* What is required:
Word for word, transcribe all the entries shown below.

* Entries taken from a collection:
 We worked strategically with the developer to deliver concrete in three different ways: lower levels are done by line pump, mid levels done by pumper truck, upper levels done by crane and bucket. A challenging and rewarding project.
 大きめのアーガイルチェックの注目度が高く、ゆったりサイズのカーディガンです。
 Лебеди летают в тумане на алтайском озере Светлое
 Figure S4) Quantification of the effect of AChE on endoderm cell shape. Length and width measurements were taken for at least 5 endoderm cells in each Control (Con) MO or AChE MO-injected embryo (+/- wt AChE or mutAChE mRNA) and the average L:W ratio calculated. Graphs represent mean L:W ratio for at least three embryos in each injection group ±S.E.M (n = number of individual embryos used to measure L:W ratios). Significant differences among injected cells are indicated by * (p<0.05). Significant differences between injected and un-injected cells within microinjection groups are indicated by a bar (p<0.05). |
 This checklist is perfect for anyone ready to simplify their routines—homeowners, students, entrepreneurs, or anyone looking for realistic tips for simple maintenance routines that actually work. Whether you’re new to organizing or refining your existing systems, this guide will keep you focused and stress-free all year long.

* Written response:
 We worked strategically with the developer to deliver concrete in three different ways: lower levels are done by line pump, mid levels done by pumper truck, upper levels done by crane and bucket. A challenging and rewarding project.
 大きめのアーガイルチェックの注目度が高く、ゆったりサイズのカーディガンです。
 Лебеди летают в тумане на алтайском озере Светлое
 Figure S4) Quantification of the effect of AChE on endoderm cell shape. Length and width measurements were taken for at least 5 endoderm cells in each Control (Con) MO or AChE MO-injected embryo (+/- wt AChE or mutAChE mRNA) and the average L:W ratio calculated. Graphs represent mean L:W ratio for at least three embryos in each injection group ±S.E.M (n = number of individual embryos used to measure L:W ratios). Significant differences among injected cells are indicated by * (p<0.05). Significant differences between injected and un-injected cells within microinjection groups are indicated by a bar (p<0.05). |
 This checklist is perfect for anyone ready to simplify their routines—homeowners, students, entrepreneurs, or anyone looking for realistic tips for simple maintenance routines that actually work. Whether you’re new to organizing or refining your existing systems, this guide will keep you focused and stress-free all year long.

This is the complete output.